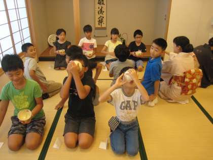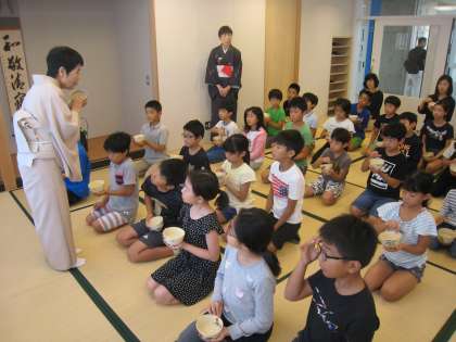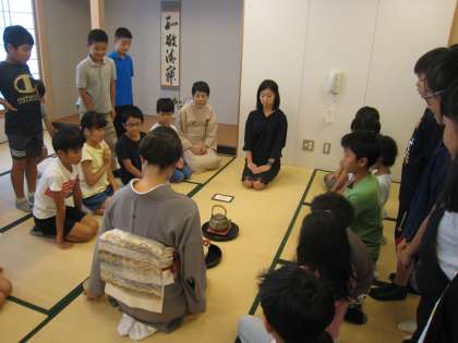 学校公開2日目、10月10日、4年生対象に茶道教室を行いました。お茶をたて、味わうという茶道の風習は、日常生活とは一味違う日本の文化です。茶道の先生方にお世話になり、児童は興味津々な表情で活動していました。
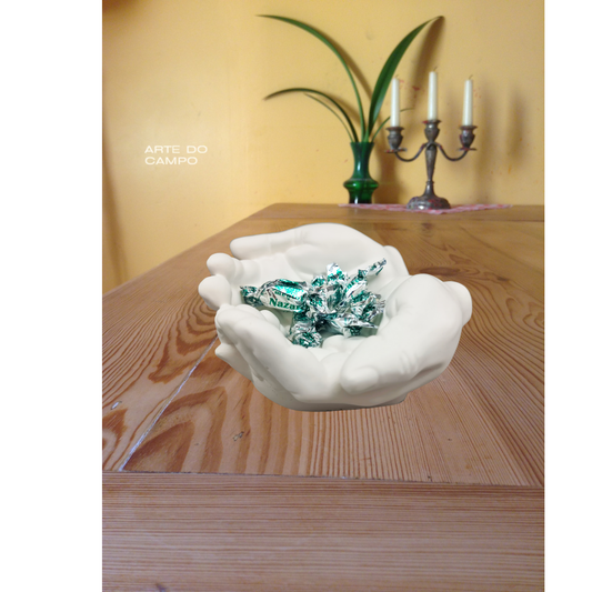 LAVURI® Deko Hands Schmuck- Deko- Skulptur- Kerzensand Bonbon- Schale weiß + Korkschutz
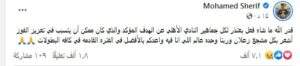 ونشر محمد شريف عبر حسابه على فيس بوك “قدر الله ما شاء فعل بعتذر لكل جماهير النادي الأهلي عن الهدف المؤكد والذي كان ممكن آن يتسبب في تعزيز الفوز أشعر بكل مشجع زعلان وربنا وحده عالم اللي انا فيه واعدكم بالأفضل في الفتره القادمه في كافه البطولات”.
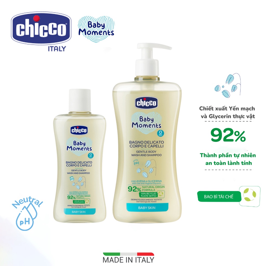 Sữa tắm gội yến mạch CHICCO cho bé sơ sinh, sữa tắm yến mạch cấp ẩm da trẻ em - Monnie Kids
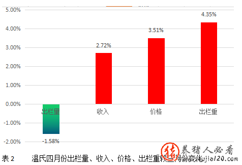 从表1、2很显然的我们可以看出温氏四月份在生猪出栏量减少的情况下,依赖上涨的猪价和生猪出栏均重的增添实现了收入的增长!
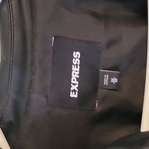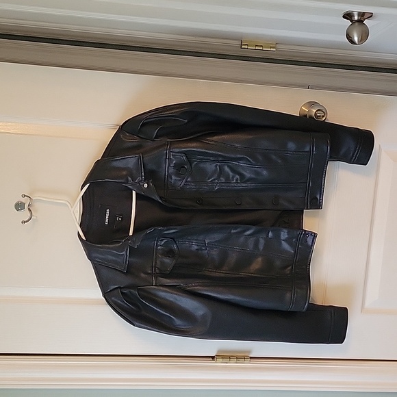 Like new Express leather-look, button-down jacket with slightly puffed sleeves. 100% polyester, fully lined. Excellent condition- no rips, tears, stains or peeling. Lightweight.
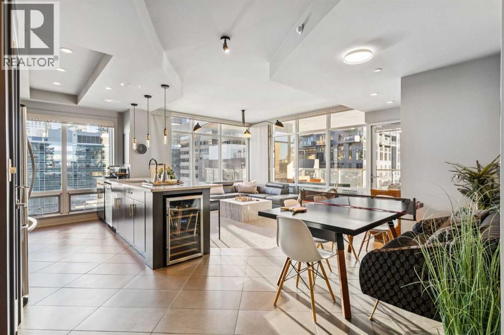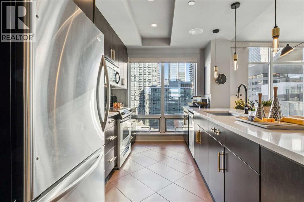This one-of-a-kind, designer-influenced home in Castello is ready for you to move in and start living your best downtown life. Freshly painted with new carpet, the space immediately sets itself apart the moment you enter. A welcoming entry area offers ample seating to unwind after your day, while built-in speakers throughout the dining & living rooms, and primary suite create the perfect soundtrack for your life.Floor-to-ceiling windows flood the home with natural light, highlighting the modern, linear feel of the layout. Step out onto the massive 300-square-foot terrace—ideal for outdoor dining, lounging, or entertaining. A natural gas sub provides endless fuel for the BBQ or fire table, making evenings on the terrace effortlessly memorable.The kitchen is a chef’s dream with quartz countertops, stainless steel backsplash, espresso cabinetry with striking bronze hardware, floor-to-ceiling windows, a large pantry, peninsula island with built-in beverage fridge, and an eating bar—perfect for entertaining or quick weekday meals. Custom HUPPE wall systems maximize storage without compromising style.The primary suite offers a lavish ensuite with dual sinks, glass-enclosed shower, and walk-in closet with custom built-ins. The second bedroom is ideal for guests or a home office. Designer lighting, new plumbing fixtures, in-suite laundry, and built-in speakers complete the thoughtful touches throughout.Castello’s exclusive amenities elevate city living: concierge service, fitness center, guest suite, heated/secure parking, and a car wash bay. With only five units per floor in this concrete-built building, privacy and quiet are guaranteed.Perfectly positioned in the heart of downtown Calgary, you’re steps from restaurants, cafés, pubs, bike lanes, grocery stores, parks, and wellness centers. Access nearby healthcare, including Sheldon Chumir, and even a pet-friendly hospital within the block.Luxury, convenience, and thoughtful design come together in this excepti onal downtown residence—perfect for the professional who wants it all. (id:63190)
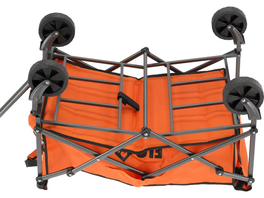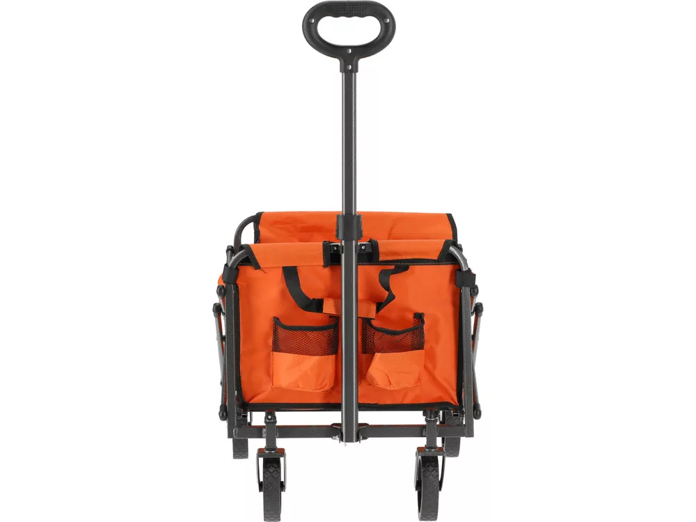 Összecsukható kerti kocsi, rendkívül strapabíró, kiválóan alkalmas kerti szerszámok, háztartási cikkek, szállítására, acél vázzal.
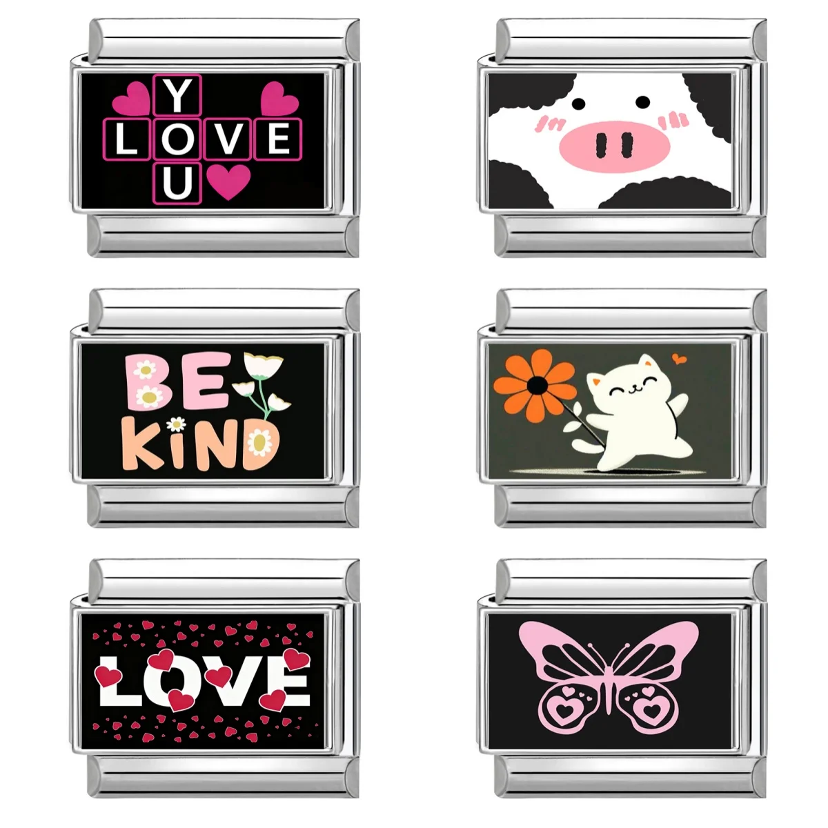 Y2K Black Series Cute Cat Cow Heart Flower Moon Butterfly Italian Charm Links Fit 9mm Stainless Steel Bracelet DIY Making Gift $0.86

★ ★ ★ ★ ★ ★ ★

▶ **TASK DETAILS**
Within the listing above, the stretch from the line with "Sữa tắm gội" down to the line with "Like new Express" is to be given again exactly, end lines included and pictures excluded.

▶ **RESPONSE BOX**
 Sữa tắm gội yến mạch CHICCO cho bé sơ sinh, sữa tắm yến mạch cấp ẩm da trẻ em - Monnie Kids
 从表1、2很显然的我们可以看出温氏四月份在生猪出栏量减少的情况下,依赖上涨的猪价和生猪出栏均重的增添实现了收入的增长!
 Like new Express leather-look, button-down jacket with slightly puffed sleeves. 100% polyester, fully lined. Excellent condition- no rips, tears, stains or peeling. Lightweight.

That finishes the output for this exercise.